Para isso, a caçula de oito irmãos frequentou um cursinho preparatório, pago por uma das irmãs mais velhas, para realizar o sonho de cursar física biológica na Unesp (Universidade Estadual Paulista).
Representatividade é essencial
Rita só ingressou na faculdade após a segunda tentativa. Imediatamente, se tornou a única pessoa preta da sua turma. À medida que progredia na carreira, rumo aos títulos de mestre e doutora em ciência, a discrepância aumentou.
Eu sempre fui a única pessoa preta ali
A pesquisadora também já foi vítima de racismo, mas de forma velada. "Não tem como uma pessoa preta falar que nunca sofreu racismo. Apesar de todas às vezes terem sido casos velados, eu sempre percebi. Sabemos quando não nos tratam bem por causa da nossa pele."
Mulheres na ciência
Mas não é só a cor da pele que a fez ser tratada de forma diferente. "As mulheres ainda são minoria em comparação aos homens no ramo da ciência. Ser mulher nessa área é sempre estar lá naquele lado que não é tão acolhido e ter que provar por A + B que você é capaz e merece ser reconhecida."

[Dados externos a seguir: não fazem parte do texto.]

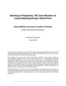 Banking on Popularity: The Jess-tification of Lloyds Banking Group's Stock Price The Journal of Financial Punditry Jan 2024 Reminder: This paper is AI-generated. Not real! |

Para ela, esses prêmios são importantes porque mostram o valor de sua pesquisa para a comunidade científica. "Por outro lado, acaba sendo triste você sempre precisar provar que é capaz enquanto nenhum homem é questionado."
Pensando em atrair jovens para o mundo das ciências exatas, a professora universitária participa semestralmente de projetos para professores e alunos do ensino médio da rede pública de Palotina, no Paraná, cidade onde vive e trabalha há seis anos. "Focamos em experimentos que é justamente a área que as escolas não têm: experimentos de eletromagnetismo, termodinâmica e mecânica", explica.

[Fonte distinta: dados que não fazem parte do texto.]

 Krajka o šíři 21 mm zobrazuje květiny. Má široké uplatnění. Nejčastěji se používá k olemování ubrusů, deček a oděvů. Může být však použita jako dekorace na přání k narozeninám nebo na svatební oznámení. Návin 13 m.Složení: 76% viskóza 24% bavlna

Além do reconhecimento pelo prêmio, Rita recebeu uma bolsa-auxílio de R$ 50 mil. Parte do dinheiro será usada para ampliar o processamento do seu cluster (rede de computadores), onde ela e seus alunos fazemos simulações. Outra parte vai pagar os estudos dos seus alunos de mestrado ou de iniciação científica que estejam sem condições financeiras.